One of the biggest talking points early on is Danhausen’s WWE presence. The crew agrees that WWE has quickly found the right lane for him, using short segments, social media, and crowd-pleasing antics to keep him entertaining without overcomplicating the act. It turns into a broader conversation about how different promotions succeed or fail at understanding certain performers. 

They also dig into the latest promo developments around Roman Reigns and CM Punk, especially Roman calling Punk “old.” Mad Mike questions the logic of the insult, while TPOP argues it works because Punk’s character is exactly the kind of guy who would unravel over something so simple. It is one of the stronger wrestling psychology debates in the episode. 

From there, the show branches into fantasy-booking-adjacent discussion about Oba Femi and Brock Lesnar, with strong support for Oba being booked like an unstoppable future centerpiece. The group sees huge upside in that kind of clash if WWE commits. 
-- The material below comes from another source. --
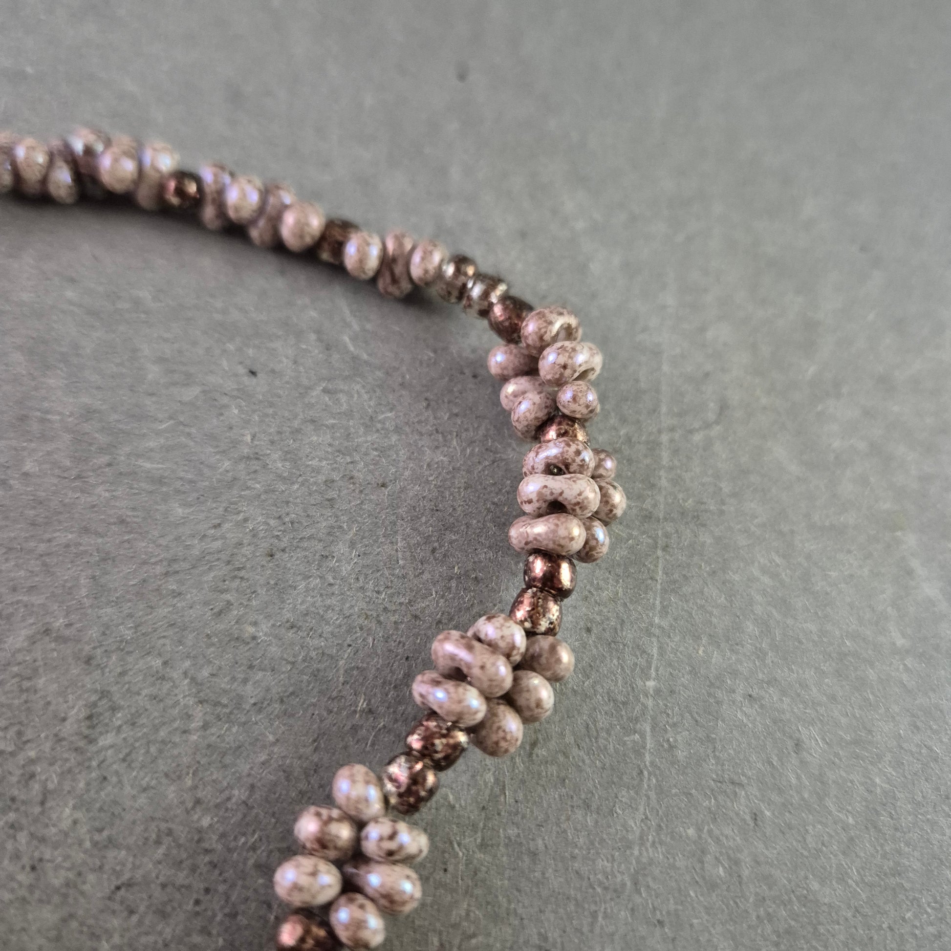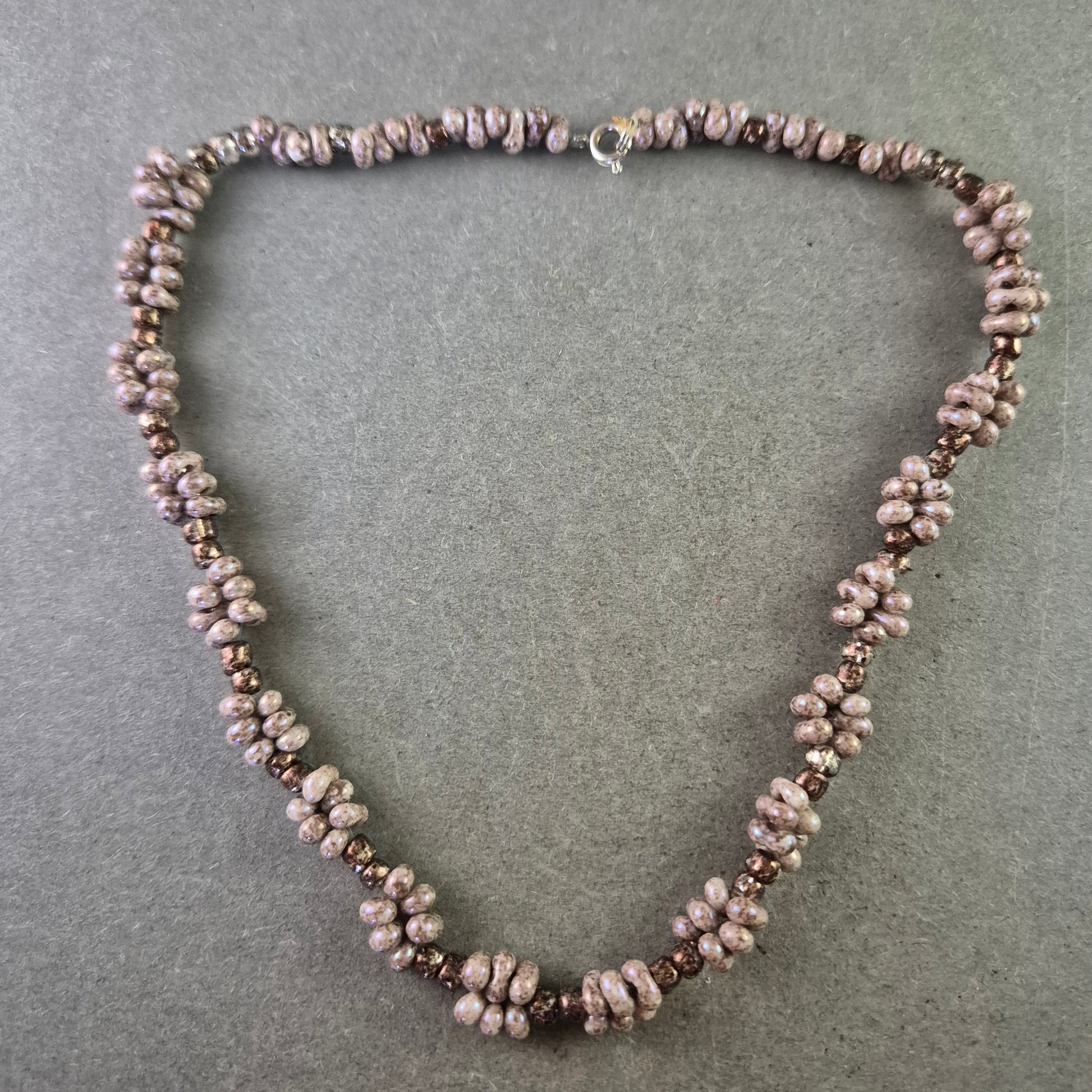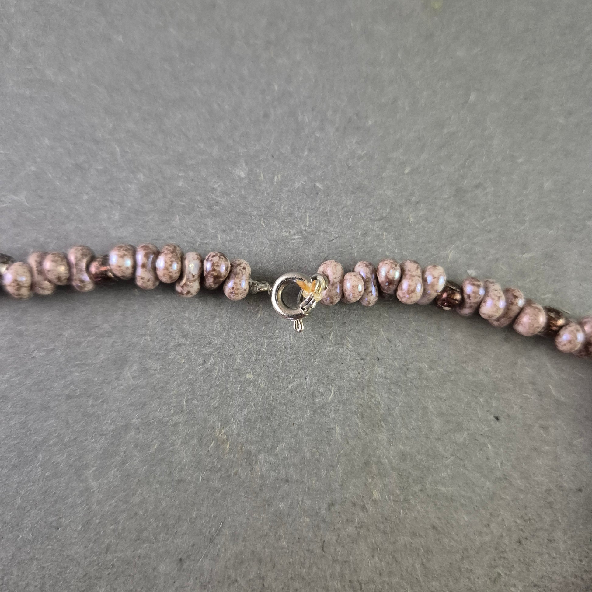Diese dekorative Vintage Halskette besticht durch ihr außergewöhnliches Blütenmuster, das aus rosafarbenen Glasperlen und kleineren braun schimmernden Zwischenperlen gefertigt ist. Die Perlen sind zu kleinen Blütenformen arrangiert und verleihen der Kette eine verspielte und zugleich elegante Ausstrahlung. Mit ihrem charmanten Retro-Charakter ist sie das perfekte Accessoire für besondere Anlässe oder als auffälliger Hingucker im Alltag.

AAA also gets plenty of love this week. TruePrinceofPro makes the case that the biggest story from Rey de Reyes is El Grande Americano winning, while the crew also talks about how AAA’s newer TV presentation is making big events easier to follow. They touch on Bayley’s appearance, the Lucha Brothers, Vikingo’s possible future, and the unique feeling of seeing talent presented differently in Mexico than in WWE. 

On the home-front side of things, Sorg runs down updates for Wrestling Mayhem Show Presents: April Fool’s, along with shout-outs to 880 Wrestling, RWA, and Pit Fight, giving the episode a strong local wrestling identity on top of the national conversation. 
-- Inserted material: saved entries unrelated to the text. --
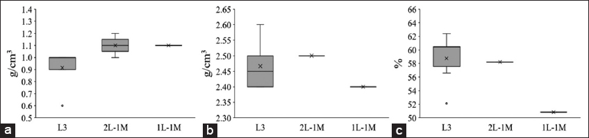 Figure 2b reports that the average soil densities in the soil in the 3L, 2L-1M, and 1L-1M areas were 2.47 ± 0.08 g/cm3, 2.5 ± 0 g/cm3, and 2.40 ± 0 g/cm3, respectively. The results are consistent with the average topsoil values of the main soil types in Vietnam, ranging from 2.49 to 2.83 g/cm3 [4]. Soil densities <2.5 g/cm3 are associated with high humus content, which is suitable and favorable for rice cultivation [26]. However, particularly in the 3L soil, a 2.6 g/cm3 density was observed. All soil types had a porosity value above 50% [Figure 2c], considered ideal for plant growth [27]. According to Khoa and Ti [26], high soil porosity is for plants to grow and vice versa. On the other hand, poorly aerated soil can limit roots’ growth, mainly affecting nutrient absorption. The results show that density and porosity values in the study area are within the appropriate thresholds for good plant growth.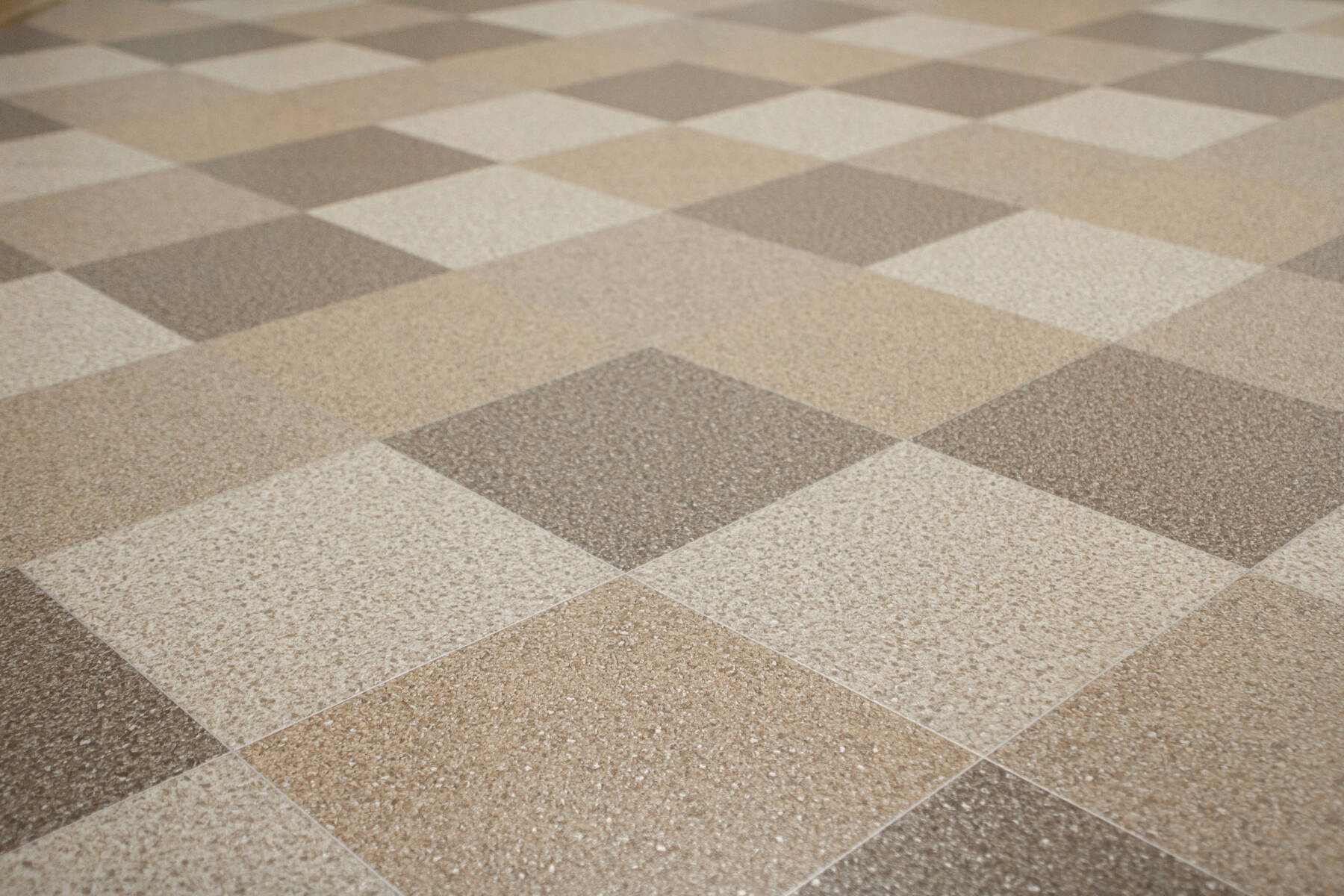 PVC Actual Plus Ice Diamond 7193 с рисунком, имитирующей пол из квадратной керамической плитки, расположенной в Каро, в оттенках бежевого, крема, бонга и серебра.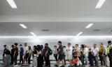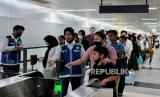 REPUBLIKA.CO.ID, JAKARTA -- Penumpang mengantre untuk menempelkan kartu uang elektronik sebelum menaiki kereta MRT di Stasiun Bundaran HI, Jakarta, Ahad (23/6/2024).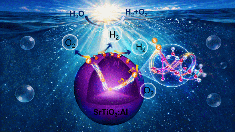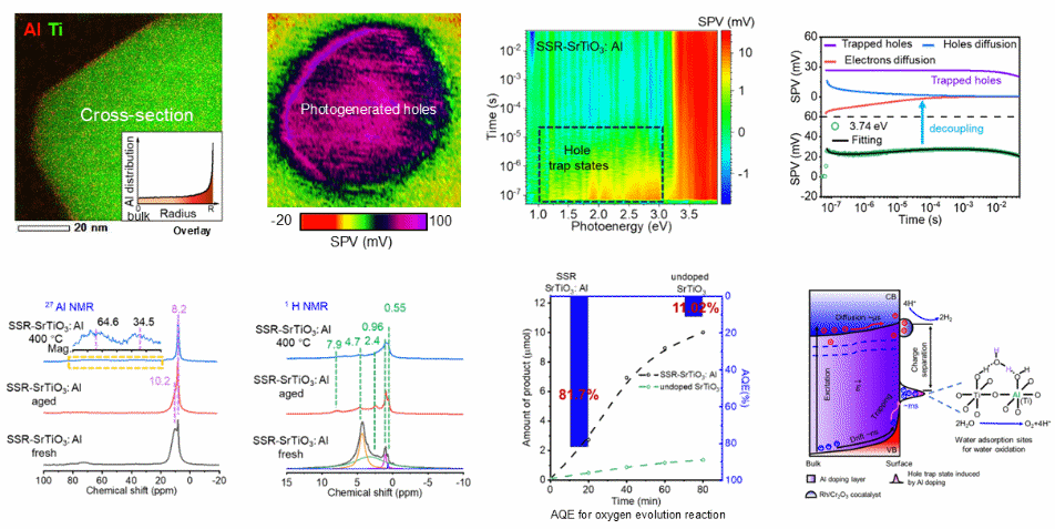 在本工作中,团队以表观量子效率(AQE)超过90%的掺铝钛酸锶(SrTiO3:Al)光催化剂为研究体系,结合时空分辨表面光电压技术与多种光谱表征手段,揭示了Al掺杂在促进光生空穴高效分离与寿命延长方面的决定性作用,并进一步明确其与表面水吸附及氧化反应中心直接相关。研究表明,光生电荷分离动力学与表面催化反应动力学之间的时空耦合是实现高效光催化全分解水反应的决定性因素。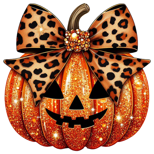 Calabaza de Halloween de color naranja brillante adornada con un lazo con estampado de leopardo brillante y que presenta una divertida cara tallada.
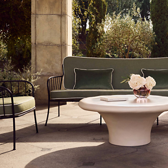 Craving an IG-worthy summer destination? With CB2's collection of modern outdoor patio furniture, look no further than your own porch or backyard. If you're searching for a spot to hang with friends, explore different contemporary outdoor patio furniture styles. Weather-resistant sofas and sectionals are the perfect place to kick back with large crowds, while outdoor lounge furniture like a chaise or accent chair is a comfy place for some solo R&R. Looking for something sized between a sectional and chair? Outdoor loveseats combine cozy support with space-efficient style. Regardless of what modern outdoor patio furniture speaks to you, keep a side table or outdoor ottoman close-by to stash summertime essentials—think drinks, sunscreen and a good book. Then, consider adding soft throw blankets to your backyard patio furniture for maximum comfort.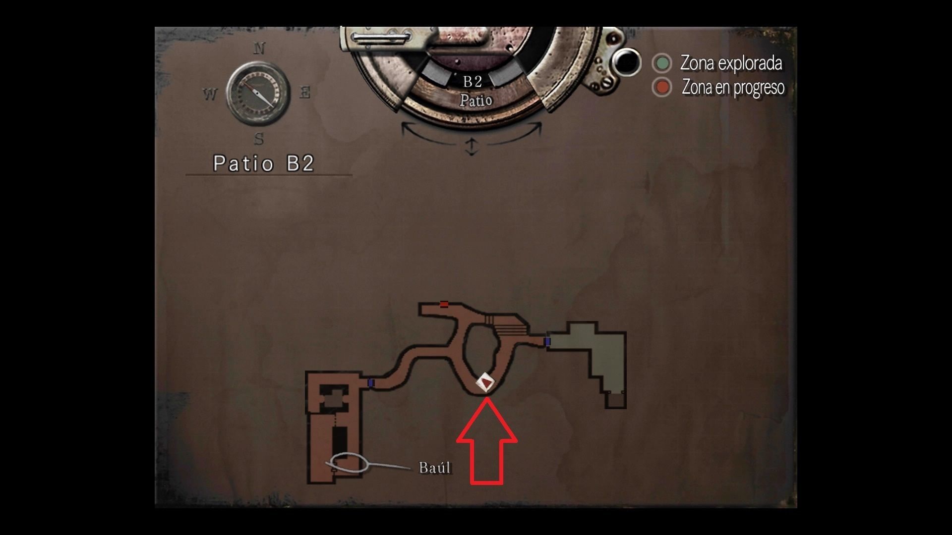 Ve en dirección a la pantalla. Hallarás un buen montón de hierbas y el mapa de Patio B1.

The AEW portion of the show is predictably lively. AEW Revolution gets reviewed with a mix of appreciation and frustration, especially around pacing, celebrity involvement, violence, tag team booking, and the endless debate over whether AEW is maximizing the depth of its division. 

Finally, What We Learned ties everything together with one of the most delightfully Mayhem notes possible: TruePrinceofPro learns that a move has been named after him, the “Teapot Drop,” while the rest of the crew shares their own surreal wrestling takeaways from the week.

If you like your wrestling podcasts with equal parts analysis, indie credibility, side tangents, and total nonsense, this episode absolutely delivers.